There is one span to output from the data below: the lines starting at the line with "Why Settle For" and ending at the line with "立派な道標が現れますので、ここを左。 道標には「左 さんぐうみち」「右". Output it exactly, ends included, nothing more.

*** SOURCE MATERIAL

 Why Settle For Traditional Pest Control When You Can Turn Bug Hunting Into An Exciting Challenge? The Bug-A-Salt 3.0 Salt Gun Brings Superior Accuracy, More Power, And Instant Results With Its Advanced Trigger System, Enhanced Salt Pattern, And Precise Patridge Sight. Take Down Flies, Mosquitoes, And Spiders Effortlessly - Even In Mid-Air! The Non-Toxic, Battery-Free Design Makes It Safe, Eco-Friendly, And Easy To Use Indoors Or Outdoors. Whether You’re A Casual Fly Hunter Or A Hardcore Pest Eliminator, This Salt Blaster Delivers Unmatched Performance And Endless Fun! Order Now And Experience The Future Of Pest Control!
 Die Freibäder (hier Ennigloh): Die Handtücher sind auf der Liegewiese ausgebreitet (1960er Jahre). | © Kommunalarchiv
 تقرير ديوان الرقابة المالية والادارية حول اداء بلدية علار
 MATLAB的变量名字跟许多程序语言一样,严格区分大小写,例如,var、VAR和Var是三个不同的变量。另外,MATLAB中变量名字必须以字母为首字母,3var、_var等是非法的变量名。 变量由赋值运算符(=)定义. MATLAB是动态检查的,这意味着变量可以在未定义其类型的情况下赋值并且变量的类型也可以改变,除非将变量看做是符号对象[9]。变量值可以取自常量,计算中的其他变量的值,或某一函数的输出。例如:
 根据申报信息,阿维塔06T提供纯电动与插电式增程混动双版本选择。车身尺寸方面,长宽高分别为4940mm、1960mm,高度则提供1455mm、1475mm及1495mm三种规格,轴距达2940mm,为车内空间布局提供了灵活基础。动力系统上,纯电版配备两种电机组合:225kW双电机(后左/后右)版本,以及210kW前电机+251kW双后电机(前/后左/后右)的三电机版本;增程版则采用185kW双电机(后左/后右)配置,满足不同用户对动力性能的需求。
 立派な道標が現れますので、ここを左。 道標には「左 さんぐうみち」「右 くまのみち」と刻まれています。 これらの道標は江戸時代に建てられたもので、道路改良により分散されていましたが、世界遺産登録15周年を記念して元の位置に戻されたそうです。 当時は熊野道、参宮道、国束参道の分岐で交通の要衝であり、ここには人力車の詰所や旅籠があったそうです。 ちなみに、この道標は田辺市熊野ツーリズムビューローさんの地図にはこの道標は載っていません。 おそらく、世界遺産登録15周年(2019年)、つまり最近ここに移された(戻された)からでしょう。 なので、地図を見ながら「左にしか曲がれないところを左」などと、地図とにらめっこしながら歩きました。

******
*** SOURCE MATERIAL

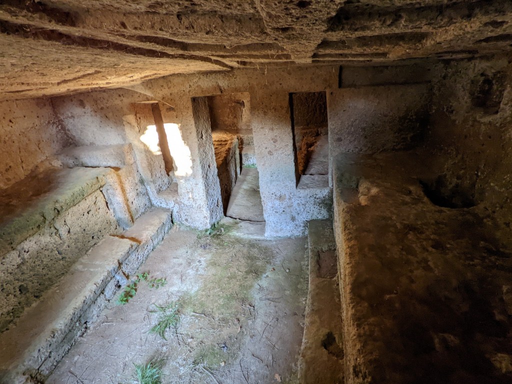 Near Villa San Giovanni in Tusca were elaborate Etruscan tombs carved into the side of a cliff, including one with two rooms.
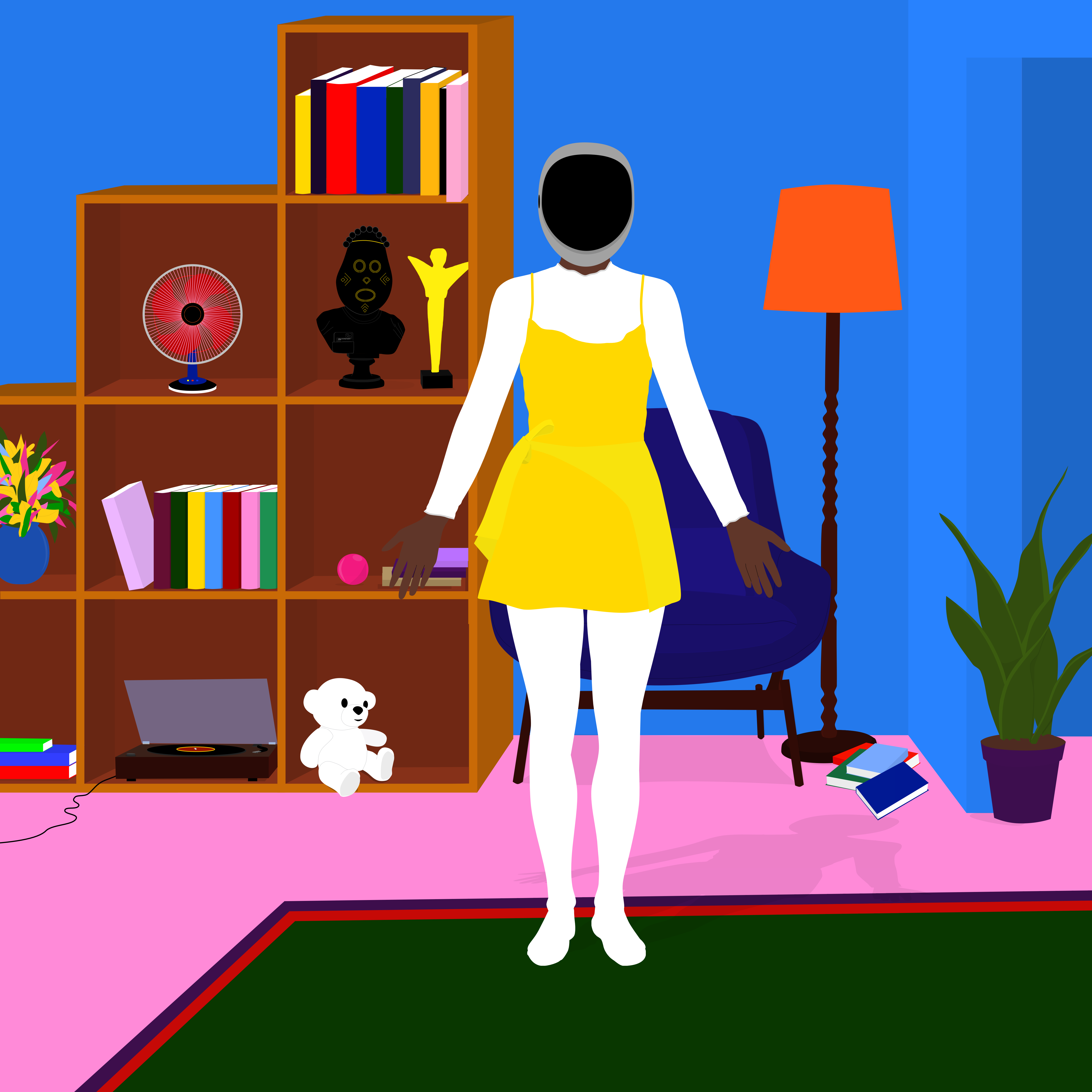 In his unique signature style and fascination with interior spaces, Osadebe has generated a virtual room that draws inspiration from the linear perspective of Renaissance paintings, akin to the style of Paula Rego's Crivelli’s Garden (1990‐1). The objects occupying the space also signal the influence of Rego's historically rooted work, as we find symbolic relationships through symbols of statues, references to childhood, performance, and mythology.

******

PROBLEM SOLUTION
 Why Settle For Traditional Pest Control When You Can Turn Bug Hunting Into An Exciting Challenge? The Bug-A-Salt 3.0 Salt Gun Brings Superior Accuracy, More Power, And Instant Results With Its Advanced Trigger System, Enhanced Salt Pattern, And Precise Patridge Sight. Take Down Flies, Mosquitoes, And Spiders Effortlessly - Even In Mid-Air! The Non-Toxic, Battery-Free Design Makes It Safe, Eco-Friendly, And Easy To Use Indoors Or Outdoors. Whether You’re A Casual Fly Hunter Or A Hardcore Pest Eliminator, This Salt Blaster Delivers Unmatched Performance And Endless Fun! Order Now And Experience The Future Of Pest Control!
 Die Freibäder (hier Ennigloh): Die Handtücher sind auf der Liegewiese ausgebreitet (1960er Jahre). | © Kommunalarchiv
 تقرير ديوان الرقابة المالية والادارية حول اداء بلدية علار
 MATLAB的变量名字跟许多程序语言一样,严格区分大小写,例如,var、VAR和Var是三个不同的变量。另外,MATLAB中变量名字必须以字母为首字母,3var、_var等是非法的变量名。 变量由赋值运算符(=)定义. MATLAB是动态检查的,这意味着变量可以在未定义其类型的情况下赋值并且变量的类型也可以改变,除非将变量看做是符号对象[9]。变量值可以取自常量,计算中的其他变量的值,或某一函数的输出。例如:
 根据申报信息,阿维塔06T提供纯电动与插电式增程混动双版本选择。车身尺寸方面,长宽高分别为4940mm、1960mm,高度则提供1455mm、1475mm及1495mm三种规格,轴距达2940mm,为车内空间布局提供了灵活基础。动力系统上,纯电版配备两种电机组合:225kW双电机(后左/后右)版本,以及210kW前电机+251kW双后电机(前/后左/后右)的三电机版本;增程版则采用185kW双电机(后左/后右)配置,满足不同用户对动力性能的需求。
 立派な道標が現れますので、ここを左。 道標には「左 さんぐうみち」「右 くまのみち」と刻まれています。 これらの道標は江戸時代に建てられたもので、道路改良により分散されていましたが、世界遺産登録15周年を記念して元の位置に戻されたそうです。 当時は熊野道、参宮道、国束参道の分岐で交通の要衝であり、ここには人力車の詰所や旅籠があったそうです。 ちなみに、この道標は田辺市熊野ツーリズムビューローさんの地図にはこの道標は載っていません。 おそらく、世界遺産登録15周年(2019年)、つまり最近ここに移された(戻された)からでしょう。 なので、地図を見ながら「左にしか曲がれないところを左」などと、地図とにらめっこしながら歩きました。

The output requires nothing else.